How Sleep Helps Us Remember and Forget

Post by Amanda McFarlan

What’s the deal with sleep?

Humans spend approximately one third of their lives sleeping, so it is no surprise that we’re curious about it! Sleep has a wide variety of benefits, like repairing and regenerating tissues in the body, improving cognitive and physical performance, and consolidating memories. On the other hand, a chronic lack of sleep can put us at risk of developing health problems like cardiovascular disease, high blood pressure, diabetes, and depression. So, what happens when we sleep? Every night, when our heads hit the pillow, we enter into the first stage of ‘non-Rapid Eye Movement’ (non-REM) sleep. Non-REM sleep consists of 4 stages, with Stage 1 being the lightest sleep stage and Stage 4 being the deepest. Your body moves through the 4 stages of non-REM sleep and finally through REM sleep in a cycle that takes approximately 90 minutes, and this cycle is repeated throughout the night. Non-REM and REM sleep are characterized by different brain activity patterns, with non-REM sleep creating slow waves in its deepest stages, called ‘slow-wave sleep’, and REM sleep generating activity patterns that resemble wakefulness. The role of non-REM and REM sleep in the transfer and long-term storage of memories, known as memory consolidation, has been studied for many years. Here, we will discuss how sleep helps us remember or forget, as well as what goes wrong when we don’t sleep.

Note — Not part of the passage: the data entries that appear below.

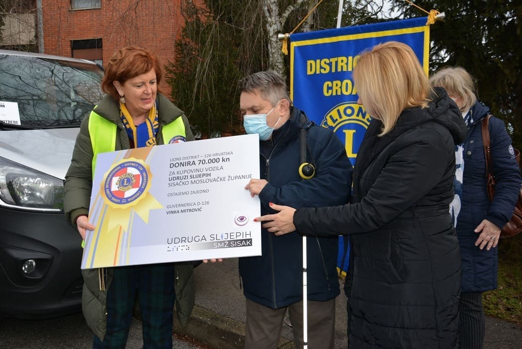 Iz Siska stiže lijepa priča. Predstavnici Lions Distrikta Hrvatske uručili su Udruzi slijepih Sisačko – moslavačke županije kombi vozilo koje su kupili uz pomoć prijatelja i donatora.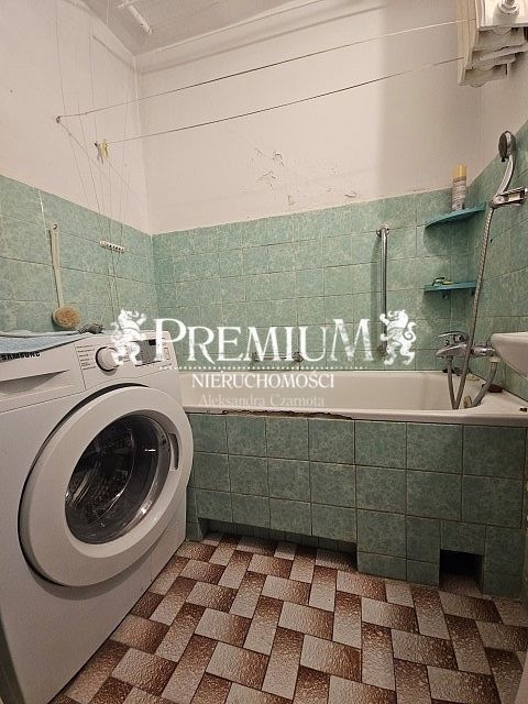Łazienka o pow ok 3 m2, na podłodze i ścianach kafelki, wanna oraz pralka.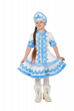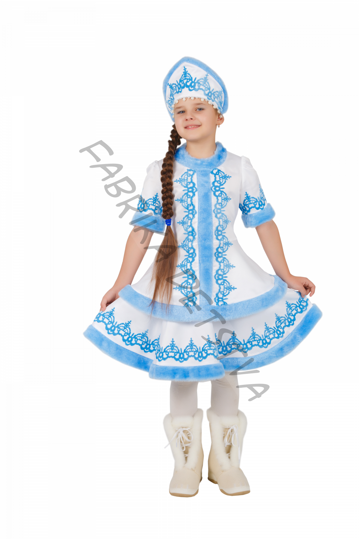 Маскарадный, сценический костюм "Снегурочка "Снежка" подойдет для театральных и тематических постановок, Новогодних праздников. Шубка приталенная имеет декоративные нашивки, рукав короткий, по краю изделия и низу рукавов пришит мех, шубка и юбка расшита кружевом. Кокошник выполнен из того же материала что и само изделие, также имеет декоративную нашивку и кружево. Держится кокошник на голове за счёт резинки.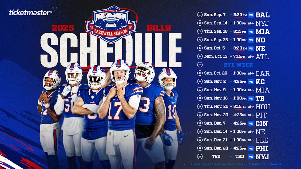 Bills akan memulai musim reguler 2025 pada 7 September melawan Baltimore Ravens dalam pertandingan Sunday Night Football. Jadwal lengkap mereka mencakup pertandingan melawan tim-tim kuat seperti Kansas City Chiefs dan Philadelphia Eagles.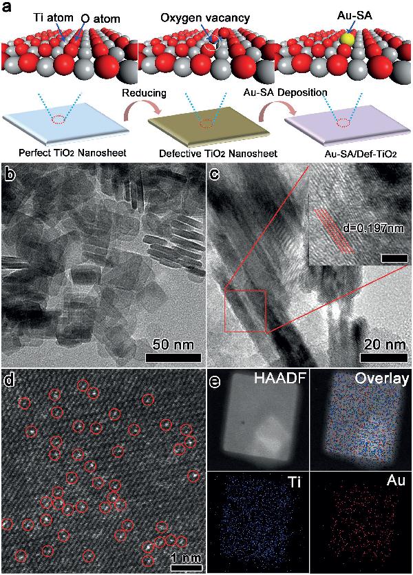 研究人员制备了缺陷TiO2纳米片负载单原子Au位点,其表面具有Ti-Au-Ti三中心结构,不仅可以提升单原子位点Au的稳定性,而且通过降低能量势垒以及缓解Au单原子位点的竞争吸附进而提升催化性能。上述结果在下一代高效单原子催化剂的发展中应用前景广阔。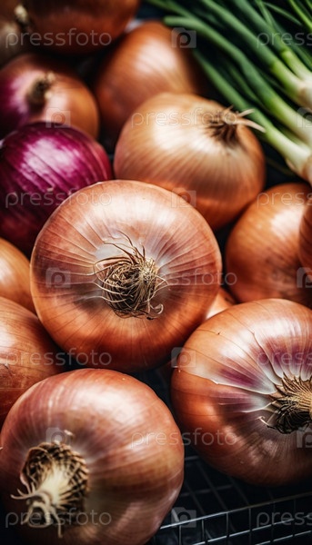 Разнообразные свежие крупные луковицы аккуратно разложены на прилавке супермаркета, демонстрируя свою блестящую коричневую кожуру и приглашая покупателей выбрать их для приготовления пищи или употребления в пищу. Генеративный ИИ

How does sleep help us remember?

Evidence strongly suggests that sleep is integral to memory consolidation. For example, a behavioural study, in which participants performed a visual task, a motor sequence task, and a motor adaptation task, found that participants’ performance was greatly improved if they had a full night’s sleep compared to those that did not sleep. The degree of performance improvement for each type of task was dependent on improved sleep in different stages in the sleep cycle. These findings suggest that non-REM and REM sleep both play an important role in memory consolidation. In line with this, other studies have shown that intensive learning of a new task is followed by increased time spent in REM sleep, resulting in subsequent task improvement, as well as the amplification of slow waves during non-REM sleep. Sleep results in a reactivation of cells in the hippocampus, which subsequently reactivate representations of memory in the cortex, also known as an engram. Over time, after many reactivations, these memories become distributed and consolidated within the cortex.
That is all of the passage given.